Dafoe and Pattinson play cantankerous sea dog Thomas Wake and eager newcomer Ephraim Winslow — a seasoned 'wickie' who adores the light above all else, and an ex-woodsman hoping to work his way up in the world. When Winslow arrives for a four-week stint assisting the peg-legged Wake, he really should see his choppy voyage to the isolated New England island as a sign of things to come. (As the latest film by The Witch writer/director Robert Eggers, omens come with the territory.) Although forcibly chatty while swigging spirits with dinner, Wake is a hard taskmaster. He's also dour, mean, flatulent and drunk on power. Attending to the light is his responsibility alone, with Winslow saddled with the tough, dirty, literally shitty work — and warned not to mess with the seagulls fluttering around outside, which Wake believes to be the souls of dead seamen.

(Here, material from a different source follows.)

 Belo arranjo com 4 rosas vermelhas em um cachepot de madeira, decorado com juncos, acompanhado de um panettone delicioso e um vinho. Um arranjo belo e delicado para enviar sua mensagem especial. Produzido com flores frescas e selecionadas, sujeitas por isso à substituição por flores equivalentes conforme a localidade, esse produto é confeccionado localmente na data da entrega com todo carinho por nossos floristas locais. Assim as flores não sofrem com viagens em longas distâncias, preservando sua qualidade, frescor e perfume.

Scrubbing floors, carting heavy kerosene containers upstairs, emptying overflowing chamber pots — that's Winslow's new life day in, day out. Coupled with the constant stream of insults spat ferociously by Wake, it's enough to make him lose his grip on his sanity. And so, after finding a mermaid figurine in his bedsprings on his first night, then frequently fondling it with one hand while fondling himself with the other, the fledgling keeper grasps what solace he can. Then a storm sweeps in, stranding the two men inside with nothing but each other, alcohol and their bubbling acrimony for company. With a tempest swirling both in the sky and in the lighthouse, not even self-love can help brighten Winslow's stay on the island.

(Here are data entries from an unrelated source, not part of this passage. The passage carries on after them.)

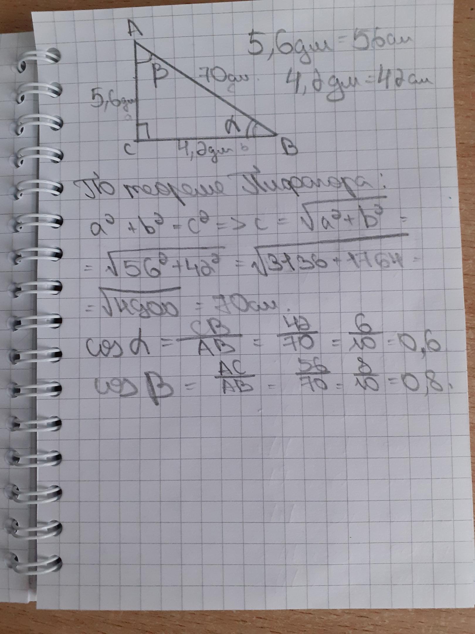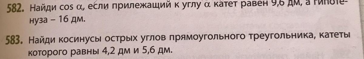 НОМЕР 583. Найди косинусы острых углов прямоугольного треугольника, катеты которого равны 4,2 дм и 5,6 дм. Ответ должен получиться 0,6 и 0,8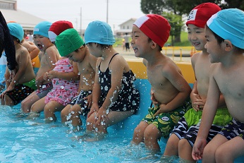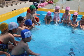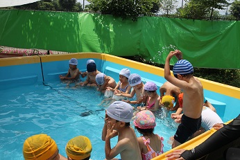 6月26日(水)は、朝からきれいな青空が見えました。雨の中プール設置をしていただき、プール開きをしたものの雨が降ったり、朝が涼しかったりとなかなかプール遊びができませんでした。3歳児は何回も水着をきる練習をしたりと準備してきて、やっと今日その成果を発揮、プール遊びを楽しみました。園児たちの歓声が上がり、夏らしい光景を楽しみました。明日も入れるかな?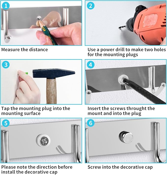 - 【EASY TO INSTALL】 The wall-mounted hat rack comes with all the necessary installation accessories. You only need to prepare a 1/4-inch drill and a Phillips screwdriver. The installation can be quickly completed in just a few minutes.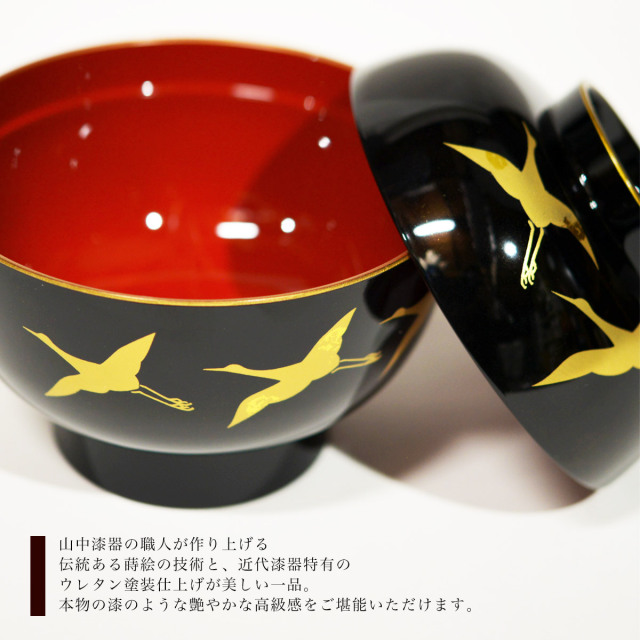 【山中漆器】 雑煮椀 鶴 黒 金沢金箔付き 2点セット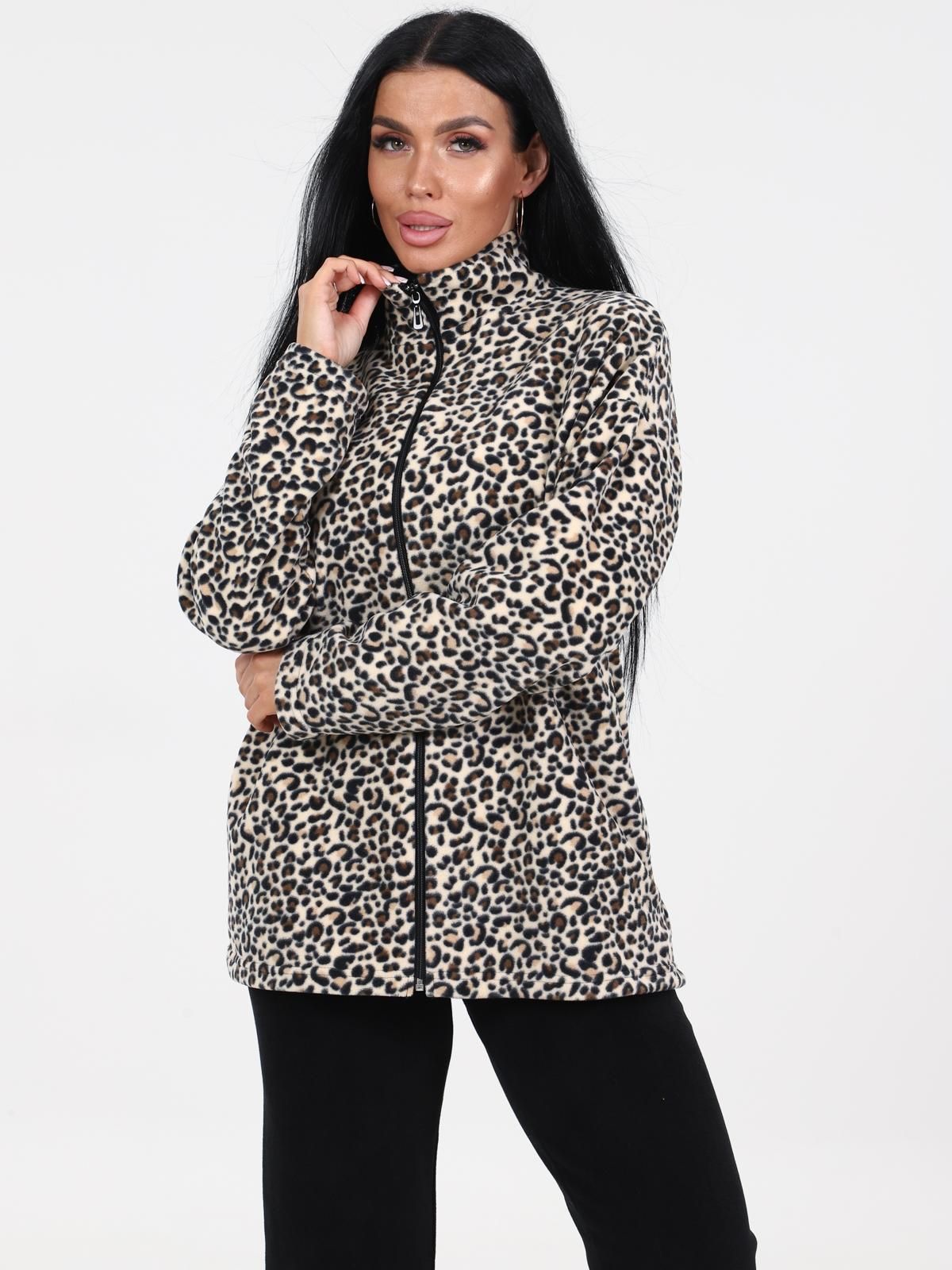 Женский костюм состоит из кофты и брюк. Брюки длинные прямые. Кофта со спущенной линией плеча на молнии с воротником стойкой . Рукав длинный. В боковых швах карманы.

In The Witch, Eggers charted the slow implosion of a Puritan family in 17th-century America. In an insidiously unsettling movie made with exceptional technical prowess, he watched as fear and superstition — plus good ol'-fashioned bickering and a goat called Black Phillip — collapsed his characters' bonds. Jumping two centuries forward, swapping a remote farm for the titular structure and focusing on co-workers, The Lighthouse does much the same. That said, you could never accuse Eggers of just repeating himself. He's clearly deeply fascinated with the darkness that springs when folks spend too much time together in close quarters in fraught circumstances, and how such a scenario reveals humanity's true nature. He's also well aware how common a situation that is, and how it can play out in oh-so-many ways.

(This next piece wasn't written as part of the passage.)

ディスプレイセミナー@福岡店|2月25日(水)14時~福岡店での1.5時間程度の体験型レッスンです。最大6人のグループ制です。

Here, shot in inky black-and-white, lit to stress every shadow and lapping up all shades of grey — a fitting colour for men stuck in limbo several times over — the above chain of events plays out in gripping, stunning, horrifying and even amusing fashion. Co-written by Eggers with his brother Max, the gothic-leaning narrative boasts its twists, shocks and secrets. Deconstructing masculinity while caught in a trippy daze, it offers more than its fair share of surprises. But how The Lighthouse conveys this tale is just as important as the story itself. Constrained within a square frame (deploying the 1.19:1 Movietone aspect ratio that was popular in the late 1920s and early 1930s), this is a masterclass in claustrophobia, paranoia and mania. Jarin Blaschke's Oscar-nominated cinematography is fine-tuned to agitate and disturb, as is the needling score by fellow The Witch alum Mark Korven's score. The end result? A surreal, savage and purposefully aesthetically overwhelming portrait of psychological unraveling that feels more like it has been washed up in a bottle than crafted anew.

Thanks to Dafoe and Pattinson, there's no doubting that The Lighthouse was made in 2019 (and obviously not a century or so earlier). Eggers' casting instincts are superb — and not just because his monochrome visuals make the most of Dafoe's lively scowl and Pattinson's cheekbones. Spouting dialogue informed by real lighthouse-keepers' diaries, as well as by the writings of Moby Dick author Herman Melville, Dafoe barks and swaggers with frenzied energy. Glowering with growing internal rage, Pattinson's physically expressive performance is on par with the best silent film stars. The more this powerhouse duo snipe and snarl back and forth, the more they lure viewers into The Lighthouse's fever dream like a glowing beam — or like the tentacles that help make this already out-there movie even more eccentric, outlandish and utterly mesmerising.